» WORK TO BE COMPLETED
Could you copy exactly the lines below, beginning at the line with "ĐỨC GIANG |" and stopping after the line with "Foto-AK Frau mit Hut sitzt auf einem Stuhl", with no pictures?

» DATA FOR REVIEW
┏━━

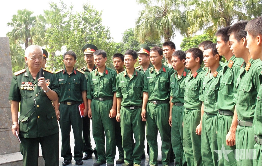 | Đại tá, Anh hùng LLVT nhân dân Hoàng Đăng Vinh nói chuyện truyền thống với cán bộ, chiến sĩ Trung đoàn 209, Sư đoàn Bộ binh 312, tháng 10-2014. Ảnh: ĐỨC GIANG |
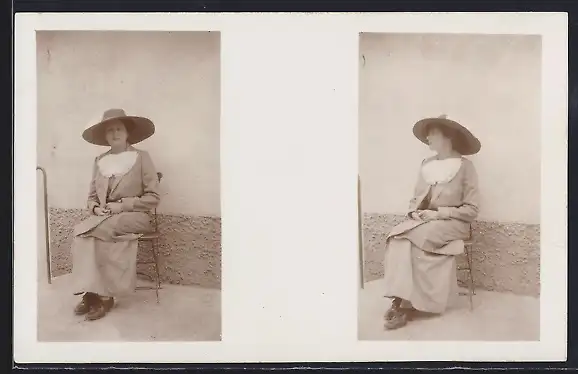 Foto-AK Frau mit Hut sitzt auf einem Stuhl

┗━━
┏━━

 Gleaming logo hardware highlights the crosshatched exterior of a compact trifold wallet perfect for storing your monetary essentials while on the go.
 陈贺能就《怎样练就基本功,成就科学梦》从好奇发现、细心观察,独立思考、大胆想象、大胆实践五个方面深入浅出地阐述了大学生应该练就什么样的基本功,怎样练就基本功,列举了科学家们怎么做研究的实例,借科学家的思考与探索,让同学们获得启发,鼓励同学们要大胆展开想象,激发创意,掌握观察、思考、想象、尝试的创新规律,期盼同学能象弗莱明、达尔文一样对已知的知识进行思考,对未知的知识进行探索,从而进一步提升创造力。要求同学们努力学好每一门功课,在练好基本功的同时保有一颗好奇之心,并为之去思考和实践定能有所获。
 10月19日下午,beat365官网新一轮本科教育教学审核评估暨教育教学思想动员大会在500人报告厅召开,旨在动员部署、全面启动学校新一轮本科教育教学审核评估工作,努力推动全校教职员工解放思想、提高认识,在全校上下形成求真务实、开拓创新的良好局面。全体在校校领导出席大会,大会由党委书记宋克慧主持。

┗━━

» RESPONSE TO THIS TASK
 | Đại tá, Anh hùng LLVT nhân dân Hoàng Đăng Vinh nói chuyện truyền thống với cán bộ, chiến sĩ Trung đoàn 209, Sư đoàn Bộ binh 312, tháng 10-2014. Ảnh: ĐỨC GIANG |
 Foto-AK Frau mit Hut sitzt auf einem Stuhl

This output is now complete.